A differential flow reduction reactor 140 configured to receive and reduce the fine ore collected in the first cyclone 150 and the second cyclone 160;

And a third cyclone 170 for collecting particulate ore contained in the flue gas of the finely divided flow reduction reactor 140.

The first preliminary reduction path 130 has a conical structure, the first gas distribution plate 137 is mounted therein, the bottom of the first gas distribution plate 137 is used as a reducing gas for the final preliminary reduction The first reduction gas supply pipe 165 for supplying the flue gas of the furnace 120 and the flue gas of the fine oil flow reduction reactor 140 is connected, and the side wall of the first gas distribution plate 137 is connected to a raw material charging hopper.
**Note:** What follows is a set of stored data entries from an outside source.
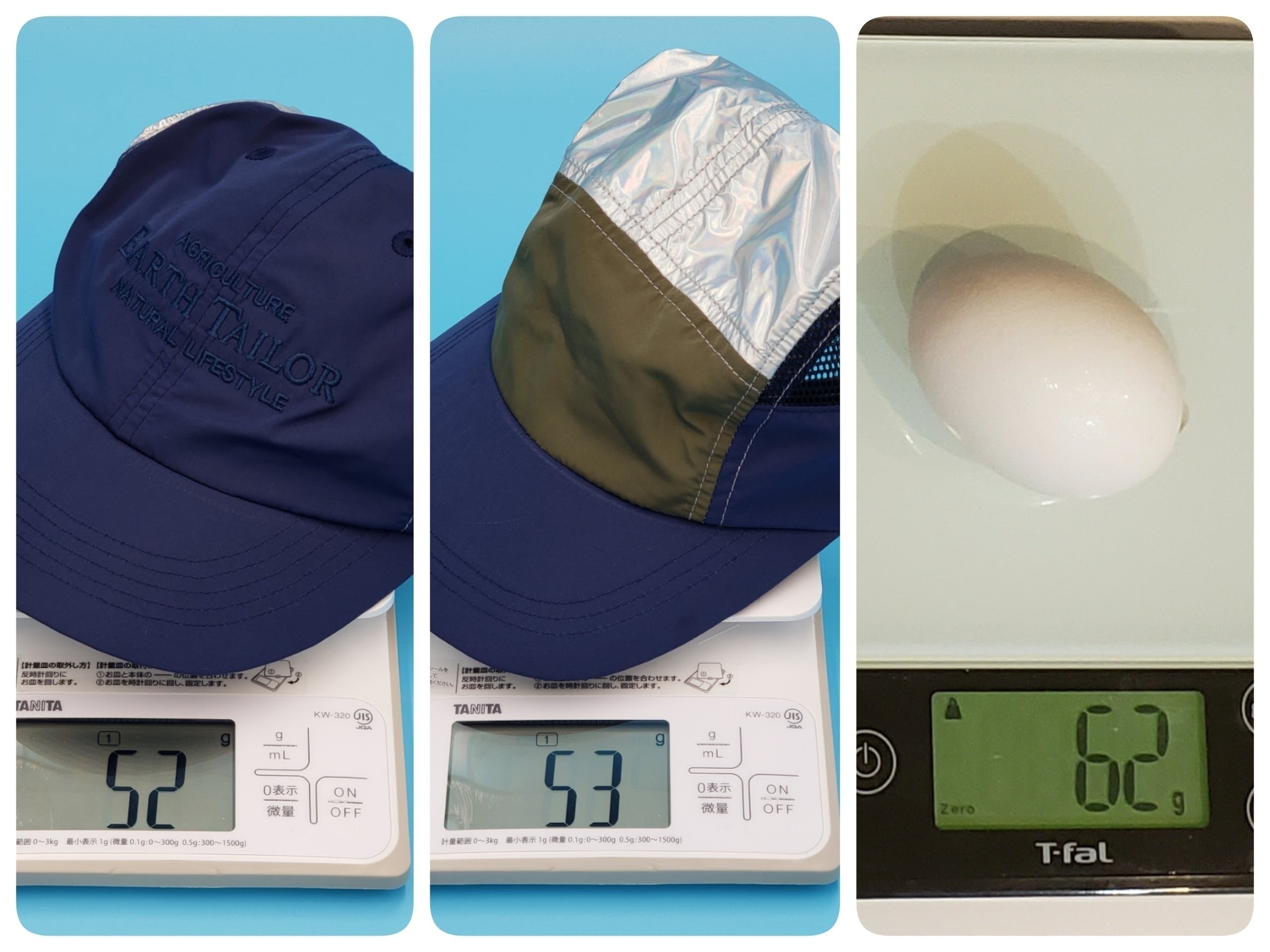 ベースボールキャップ52g、ジェットキャップ53g。卵1個より軽いです!
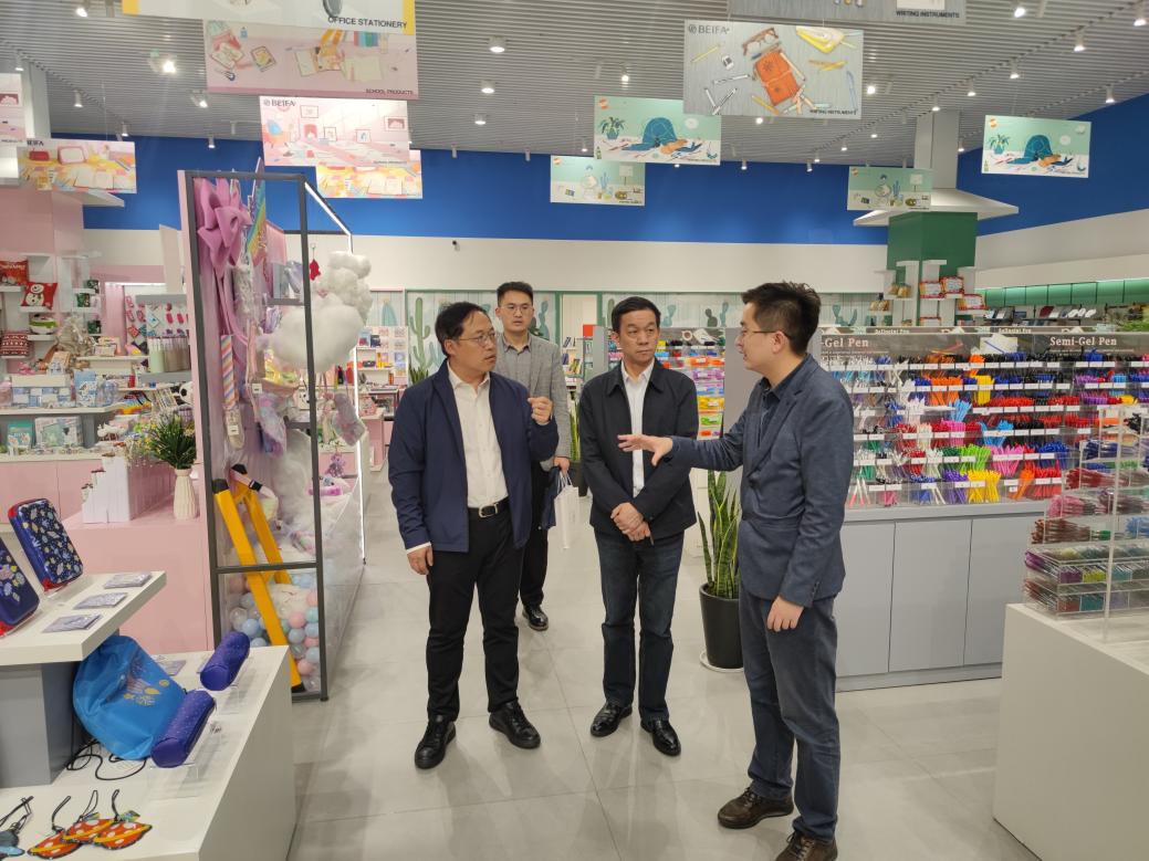 在宁波贝发集团,公司董事长邱智铭对公司领导老师的到来表示欢迎。集团总裁办公室主任安江带领大家参观了贝发集团企业文化展厅、文器库展厅、高端礼品定制展厅及贝发知乐展厅等区域。
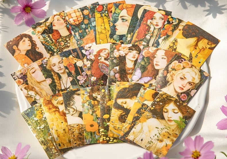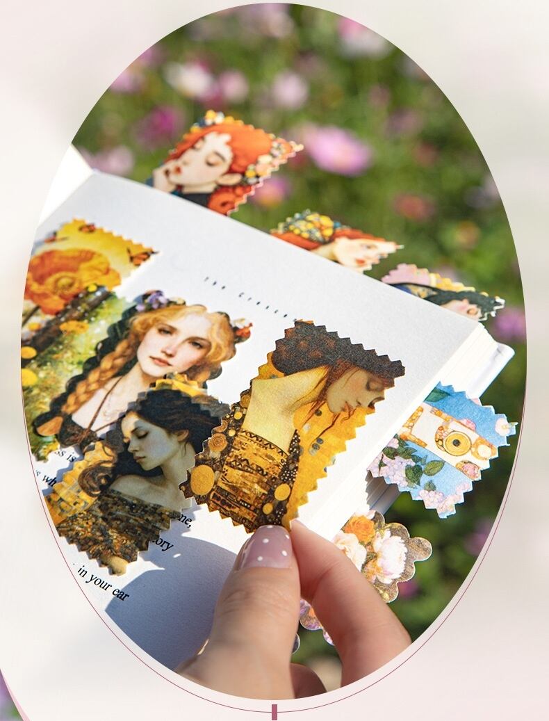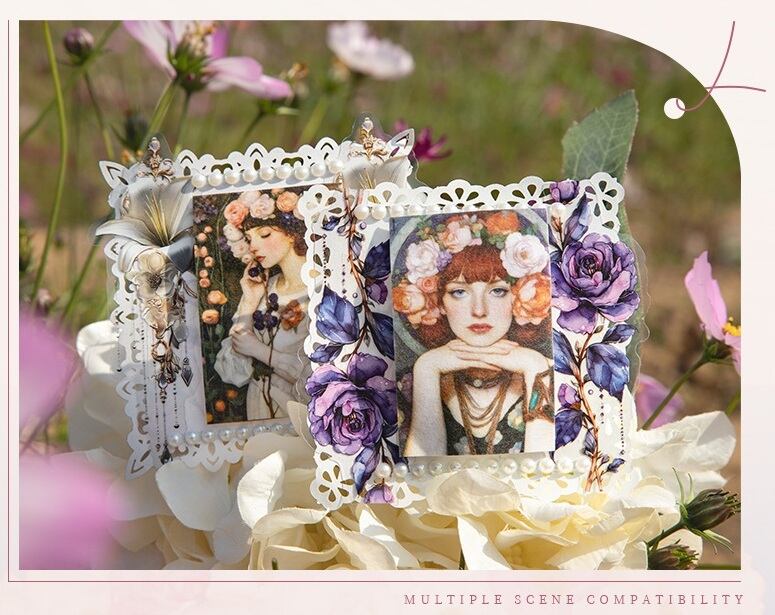 繊細な花々と美しい人物イラストが印象的なシールブックです。アンティーク調の色合いとアート感のあるデザインで、コラージュや手帳デコに奥行きのある雰囲気を添えてくれます。和紙素材ならではのやわらかな質感で紙になじみやすく、重ねて貼っても自然に仕上がるのが魅力です。1冊にまとまっているため持ち運びもしやすく、ページをめくりながらお気に入りを選べる楽しさもあります。コラージュ素材や手帳デコ素材、人物シールや花柄シールを探している方にも取り入れていただきやすい商品です。

The ore supply pipe 133 for supplying the prepared preparations, such as stored iron ore and limestone into the reduction furnace, and the pre-reduced ore discharge pipe 131 for discharging the pre-reduced ore are connected.

In addition, an upper portion of the first preliminary reduction path 130 is connected to the first cyclone 150 through a first exhaust gas discharge pipe 132.

The first particulate light supply pipe 153 for supplying the fine ore contained in the exhaust gas of the first preliminary reduction path 130 to the first preliminary reduction path 130 at the lower portion of the first high temperature cyclone (150) Is connected, preferably, it is extended to the bottom in the first preliminary reduction path 130.

The first cyclone is connected to a second exhaust gas discharge pipe 154 for discharging the exhaust gas of the first preliminary reduction path 130 from which the fine ore is separated, and the second exhaust gas discharge pipe 154 is a wet vibration suppressor 180. In communication with

The first particulate light supply pipe 153 is connected to the second particulate light supply pipe 152 for supplying the fine ore to the differential flow reduction path 140, the first particulate light supply pipe 153 and the second particulate The first anisotropic side 151 is provided at the connection portion of the light supply pipe 152.

The final preliminary reduction path 120 has a conical structure, the second gas distribution plate 127 is mounted therein, and the second reduction gas supply pipe 114 for supplying reducing gas is connected to the bottom thereof. The side walls of the second gas distribution plate 127 have a pre-reduced light discharge pipe 131 for supplying pre-reduced ore pre-reduced ore from the first pre-reduction path 130 and for discharging the final reduced ore. Reduced iron discharge pipe 121 is connected.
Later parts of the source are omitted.